Ленинградский дневник (сборник) - Берггольц Ольга Федоровна 20 стр.


Оказывается, действительно был штурм, только с нашей стороны.

25/VII-42

Многого не записывала – моталась. Главное: Юрку уволили из Радиокомитета и разбронировали по военному учету. Значит, его могут в любую минуту взять в армию, даже рядовым, значит – реальна наша разлука. А я почти наверняка уверена на этот раз, что беременна, хотя еще не проверялась.

Что же, так и не даст мне жизнь счастья – никогда?

Стоило вылезать из могилы, выходить с того света, с такой мукой продраться к нему, привязаться – чтоб разлучиться и – боже, боюсь верить сердцу – наверняка потерять его.

Его уволили потому, что по его отделу, по радио была дана поэма Шишовой. Горком запретил ее и сказал об этом Широкову, преду РК, а Широков забыл сказать об этом Юрке, и когда горком осатанел – "как так ослушались и дали", – Широков свалил все на Юрку. И его уволили. Виктор и Яшка вели себя при этом как последние бляди, особенно Виктор. Вот цена зимы, проведенной ими всеми вместе! Вот "новое" в отношениях ленинградцев… О, сволочи, сволочи. Яшка теперь что-то "выправляет", – но боюсь, что никто не поможет.

Скорей бы он пришел и рассказал все.

Главное – чтоб не разлучаться…

За эти дни я особенно как-то почувствовала, как он мне дорог, с милыми его, серыми, пушистыми, немножко близорукими глазами, почти всем, что в нем есть хорошего, как-то сближающийся с родным моим Колькой.

Я думала иногда, что настолько омертвела, настолько стала собственной тенью и живу какой-то вторичной жизнью, что новое горе – например, утрату Юры – уже не восприму… Нет. Боль, наверное, будет уже последней, объединяющей все предыдущее, замыкающей все – иначе, – смертельной.

3/VIII-42

Вчера было два ВТ, по 2 ч. 50 м. каждая, но самолетов над городом не было, – видимо, бои шли на переднем крае или бомбился наш передний край. Сегодня – с рассвета и до сих пор дичайшая наша канонада, – говорят, наступление наше, и хорошее. Опять Лигово берем? Уже три раза брали, и три раза нас оттуда выставляли – за конец июля.
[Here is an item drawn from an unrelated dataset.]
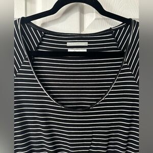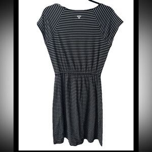 Columbia Cotton Jersey Stretch Black White Stripe Cap Sleeve Sheath Dress Small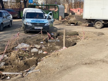 В Керчи уже почти месяц водоканал не может заасфальтировать яму. Напомним, что в феврале здесь произошел прорыв водопровод. Сотрудники предприятия устранили течь и после своих работ оставили огромную ямуи, - передает Керчь.ФМ.

А на Юге – ужасно. Немцы прорвались к Сальску, – махнули от Ростова в неск. дней. Вот и сейчас по радио говорят – "обстановка на Юге усложняется". О Господи… Я уже ни ужасаться, ни болеть – не могу: жмуришься при каждой сводке, точно сейчас тебя раздавит. Но странное дело: хотя опасность больше даже, чем в прошлом году – есть какая-то внутренняя успокоительная уверенность: "Выдержим. Не возьмет…" Недооценка угрозы – нежелание уставшей души воспринять ее? Или то, что выжил сам в такой дикой зиме, дает эту общую уверенность? Или то, что это – "далеко, не у нас"…? Но ведь понимаю же я, что сегодня "не у нас", а завтра – у нас, и как!..

– А завтра детей закуют…
О, как мало осталось
Ей дела на свете…

Да, устала, – как все, устала от войны, – от дергающего нервы быта, от работы своей, – точно телеграфные ленточки со значками тяну и тяну из души, с болью и кровью, и расшифровываю их с мучительным трудом.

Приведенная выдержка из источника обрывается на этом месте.